Повести Вильгельма, извозчика парижского - [2]
Вот мы поехали, и приехали к Круглому мосту, где не было госпожи за туалетом ни в горсти моей руки. Мамзель Годишь смотрит направо и налево и во все стороны. Наконец она мне говорит: друг мой, хочешь ли ты, чтоб я посидела в твоей коляске до тех пор, пока придет один мой двоюродный брат, который должен меня проводить в одно место после того, как я побываю у этой госпожи? Я тебе за это заплачу. Охотно, сударыня, сказал я ей, потому что я имел к ней склонность; и потом, очень мне хотелось видеть двоюродного ее брата, о котором я несколько сумневался, а считал, что он ей такой же родня, как и я.

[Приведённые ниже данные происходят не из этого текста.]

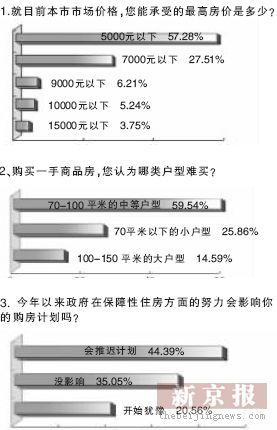 调查参与者中,超过七成人数认为北京房价在2007年仍然会是上涨趋势,而认为政府在保障性住房方面还不够努力,选择“不能让人满意”的接受调查者占到了82.28%,加上肯定了政府努力但怀疑最终效果的近一成比例调查参与者,有约97%的调查参与者对政府在保障性住房方面的努力持批评、怀疑态度。北京市政府从4月开始加大了对限价地推出的力度,但要转化为保障性住房至少还需要1年时间。这也使得调查中超过六成参与者选择了犹豫或者直接推迟购房计划。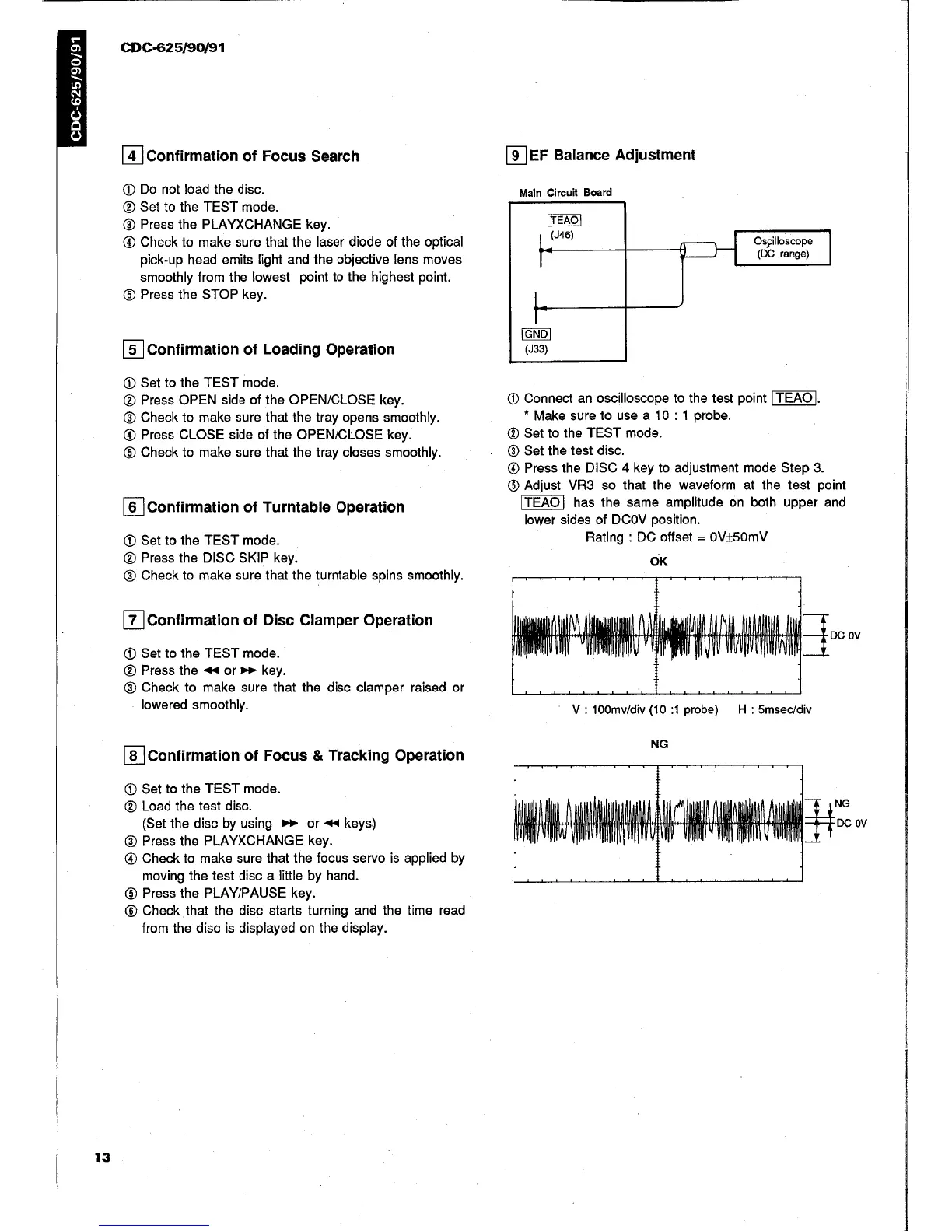 Yamaha CDC-90 - Adjustments (continued); Focus Search Confirmation; Loading Operation Confirmation; Turntable Operation Confirmation

Чрез добрую большую четверть часа, увидел я большого молодого человека, который шел, тук, тук, от ворот с. Гонория. Я его указал мамзеле Годишь, не это ли ваш брат? Ах, да, право он! кликни его, ведь он не знает, что я сижу в карете. Я побежал за братом, который пробирался по дороге Шейлотской; и я ему сказал: Господин, там сидит мамзель ваша сестрица Годишь, которая хотела бы с вами слово молвить. Тотчас после большого мне благодарения, побежал он к моей коляске, влез в нее, и вот мои люди шептали, как кривые сороки, долгое время. Наконец, сказали они мне, чтоб отвез я их в какой знакомый мне кабак, и что я доволен буду ими, если я захочу дожидаться, чтоб назад их отвезти в Париж, как они поедят салаты. В то же время Господин, чтоб показать мне, что он тароватый человек, сунул мне в руку на счет заднее колесо.
Я хотел отвезти их ко вдове Трофее, но нашли они, что это было очень близко Солнца. Потом я говорил им о Леднике шейлотском, или о г. Лиардше в Руле; но им лучше показался Ледник, куда я их в скором времени привез и выпустил.
Как я очень сумневался о их братстве, то я мигнул хозяйке, которая разумела этот язык столько, сколько было можно, и она их посадила в небольшом кабинете внизу окнами в сад.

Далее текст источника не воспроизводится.